Pada akhirnya pandangan sekuler hanya menciptakan manusia-manusia yang giat bekerja dan cenderung menghalalkan segala cara, tetapi melupakan sesama. Ekonomi kapitalis hanya membahas produksi tapi melupakan distribusi. Impaknya kesenjangan sosial makin melebar. Memunculkan masalah baru yaitu tingginya tingkat kriminalitas, termasuk human trafficking.
Kedua, sistem sekuler kapitalis memliki prinsip Utilitarianisme. Manusia yang membedakan benar dan salah, baik dan buruk, terpuji dan tercela hanya berlandaskan perasaan manusia. Apa yang mendatangkan kesenangan adalah baik dan yang mendatangkan rasa sakit adalah buruk. Maka ukuran kebahagian adalah kesenangan jasmani semata.
Maka tidak heran jika tingginya angka human trafficking yang sebagain besar akibat diimingi-imingi gaji besar dan kesejahteraan hidup. Mindset bahwa kebahagiaan adalah terpenuhinya kesenangan bersifat materi membuat para perempuan gampang terjebak modus human trafficking.
Ketiga, Gagalnya sistem kapitalis sekuler mewujudkan pemerataan pendidikan. Sehingga banyak masyarakat berpendidikan rendah. Sebagian besar korban human trafficking adalah orang-orang berpendidikan rendah. Minim pengetahuan terkait ketenaga kerjaan dan keterampilan. Sehingga mereka sangat mudah terjebak penipuan dan pemalsuan dokumen, akhiranya menjadi korban human trafficking.
Keempat, lemahnya penegakan hukum. Upaya penegakan hukum kepada para pelaku berdasarkan UU TPPO No 21 tahun 2007 tidak mampu memberikan efek jera pada pelaku. Belum lagi besarnya peluang tawar menawar hukum membuat penyelesaian kasus human trafficking semakin tidak menemukan titik terang.

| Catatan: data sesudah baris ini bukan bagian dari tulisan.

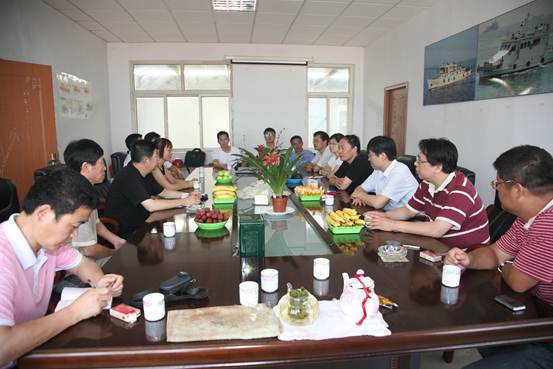7月25日,黄海水产研究所组织建造单位、设计单位、监理单位以及本所科研和管理部门有关领导和专家在青岛格时达船业股份有限公司对承建的农业部黄渤海渔业资源环境重点野外科学观测试验站建造项目——“黄海星”号海上流动采样监护艇进行竣工验收。副所长殷邦忠、赵宪勇出席了验收会。

Islam solusi tuntas human trafficking
Islam sebagai peraturan hidup, mampu menyelesaikan segala persoalan. Salah satu fungsi penerapan hukum Islam adalah menjaga jiwa dan kehormatan manusia. penjagaan Islam terhadap masyarakat ditempuh dengan pengoptimalan fungsi 3 pilar Islam sebagai berikut:
Pertama, Pilar Individu. Individu yang bertakwa tidak akan mudah terjerat human trafficking atau bentuk kemaksiatan apapun. Karena itu negara Islam bertanggung jawab menghidupkan fungsi keluarga. Keluarga yang menjadi madrasah pertama akan menanamkan nilai-nilai Islam kepada anggota keluarga. Sehingga munculah sosok individu yang berkepribadian Islam.
Kedua, pilar masyarakat. Optimalisasi fungsinya sebagai kontrol masyarakat dengan melakukan amar ma’ruf nahi munkar kepada setiap bentuk kemaksiatan. Sehingga terwujud masyarakat yang islami yang jauh dari kemaksiatan.
Ketiga, pilar Negara yang menerapkan Islam. Negara akan menjalankan perannya sebagai pelayan umat. Mewujudkan kesejahteraan dan memberikan pendidikan terbaik bagi masyarakat. Sehingga tidak ada masyarakat yang akan terjerat human trafficking dengan dalih kemiskinan dan kebodohan. Negara juga akan menerapkan sanksi yang berat bagi para pelaku human trafficking. Sehingga akan terjaga jiwa dan kehormatan sebagai manusia.
Saling integritasnya peran individu, masyarakat dan negara tentu dibutuhkan institusi yang menjalannya. Untuk itu butuh perjuangan yang serius untuk mewujudkannya. Keterlibatann umat bersama kelompok yang istiqamah memperjuangkan tegaknya Islam sangat utama saat ini di tengah berbagai ancaman kerusakan yang menimpa umat dunia.